If the symbol of a beacon is ‘not a good look’, as the chief executive of the Brecon Beacons national park puts it, and must be jettisoned as ‘a direct response to the climate emergency’, how far will this principle go? In the United Kingdom, there are at least five towns or villages which contain the word Beacon, including Beaconsfield, Beacon’s Bottom and, in Devon, plain Beacon. If links to fossil fuels must be extirpated, that should also include 19 towns and villages with coal in their names, including Coalville, Coalbrookdale, Coalisland and Coal Pool. Environmental logic demands nothing less. But such changes, ‘direct response’ though they may be, will lack global impact. Time to snuff out the Olympic flame, surely, and the torch held aloft by the Statue of Liberty. Holman Hunt’s ‘The Light of the World’ depicts Jesus holding a presumably fossil-fuelled lamp. I hope Keble College, Oxford, in whose chapel the painting resides, will see what a bad look this is. Couldn’t someone tweak the picture so that Our Lord carries an LED instead?  

This week in Westminster Hall, MPs stood up for the sheep of Dartmoor. In February, the MPs complained, the sheep’s owners received, without warning, letters from Natural England threatening the eviction of their stocks from the moor. There is a psychological study to be done of which creatures the green movement adores or abhors. It loves beavers, raptors and foxes, ignores the needs of grouse and songbirds and hates sheep. Appearing recently before a Commons select committee, the chairman of Natural England, Tony Juniper, referred disparagingly to pheasants as ‘non-native’. True, in that pheasants came over with the Romans, but the same could be said of beech trees, rabbits and brown hares. I accuse Natural England of trying to create a ‘hostile environment’ for certain long-standing and well-assimilated immigrant groups against which it has a prejudice.  
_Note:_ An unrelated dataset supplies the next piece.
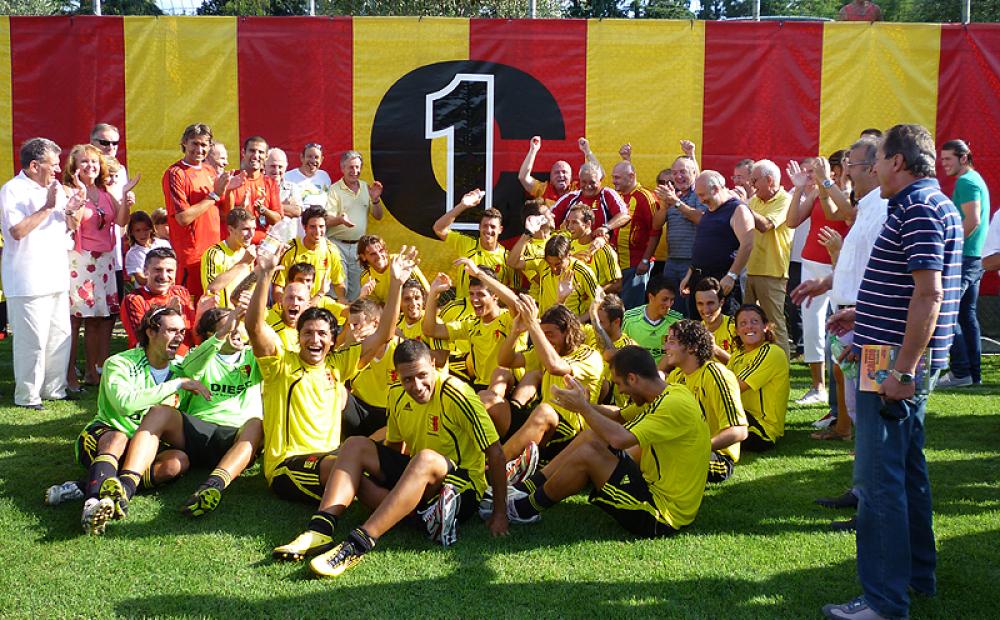 Un tuffo al cuore lungo cinque anni. Le informazioni ufficiose non sono riuscite a rendere meno incantevole un momento che moltissimi sportivi aspettavano da una vita (calcistica): volti trasfigurati da una felicità chiusa e messa in un angolo per tanto, troppo, tempo e finalmente libera di esplodere libera. C1, la tanto agognata e inseguita C1. Sempre sfiorata, sempre li ad un passo ma mai realmente afferrata e assaporata. Beh il momento è arrivato ed è dolcissimo. Promozione questa dedicata prima di tutto a chi l’ha resa possibile: Renzo e Stefano Rosso in primis con la preziosa collaborazione di Roberto Masiero. Sono le 17:10 quando dagli uffici della Lega Pro arriva l’ufficialità: quasi istantaneo l’abbraccio tra la squadra e i numerosi supporter accorsi in quel di Sant’Eusebio. Un successo particolarmente sentito e dedicato prima di tutto ad una Società che si è dimostrata ancora una volta molto più che encomiabile. “E’ il giusto riconoscimento per anni di impegno, volontà e correttezza da parte della proprietà del Bassano – spiega l’Assessore allo Sport della città giallorossa Alessandro Fabris – un successo che non può che non rendere orgogliosa e fare bene all’intera città. La famiglia Rosso ha permesso tutto questo, la loro voglia e la loro passione sono imprescindibili e permetteranno a questa squadra di partecipare ad un campionato incredibilmente affascinante”. Gli fa eco l’ex sindaco Gianpaolo Bizzotto, anche lui da anni assiduo frequentatore dello stadio cittadino: “Mi piacerebbe che non venissero fuori discorsi tipo che è stata comprata C1. Qui ci sono state fior fiore di squadre che avrebbero meritato anche prima il salto di categoria. È una soddisfazione che dev’essere condivisa da tutti gli sportivi bassanesi, perché questa squadra è un patrimonio di tutti, com’è stato in passato per la promozione del Volley o la vittoria dell’Infoplus Hockey 54”. Esausti ed entusiasti anche due volti storici dei “Fedelissimi”. Onofrio Gheno e Gianantonio Bertoncello. Il primo stenta ancora a crederci: “Sono al settimo cielo. Fino all’ultimo non ho voluto crederci. Bassano inserito nel girone del Nord? E’ tutta la vita che aspettavo questa stagione, non mi sarei fermato nemmeno di fronte a trasferte come Taranto o Siracusa”. Il secondo corre indietro con la mente di qualche mese: “E’ incredibile quante situazioni particolari siano capitate quest’anno. Per un certo periodo abbiamo addirittura temuto di rimanere senza calcio e invece eccoci qua a commentare la Prima Divisione. Pazzesco! Questa promozione è la giusta soddisfazione per cinque anni di impegni, fatiche e voglia di andare oltre da parte di dirigenti, allenatori, tifosi e non ultimi i tanti giocatori che hanno vestito questa maglia”.

Rishi Sunak’s recent interview with Paul Goodman for the Conservative Home website ended endearingly. Asked about his religion, the Prime Minister said with a shy smile that a statuette of ‘Lord Ganesh’ stands beside him in his office. He had put it on his desk when he became chancellor and brought it with him when he moved to 10 Downing Street. Given how ignorant the British are about other faiths (and, indeed, all faiths), I wondered whether half-listening viewers would have picked up on who this Lord Ganesh was. Could he be a life peer (Lord Ganesh of Neasden?) recently ennobled so that he could bring his economic policy expertise to the work of government and parliament? Mr Sunak spoke of him with a respectful familiarity rather as Mrs Thatcher used to refer to Milton Friedman. Lord Ganesh is actually the Hindu god of beginnings, the bringer of good fortune, remover of obstacles: a most comforting tutelary deity for a prime minister to have.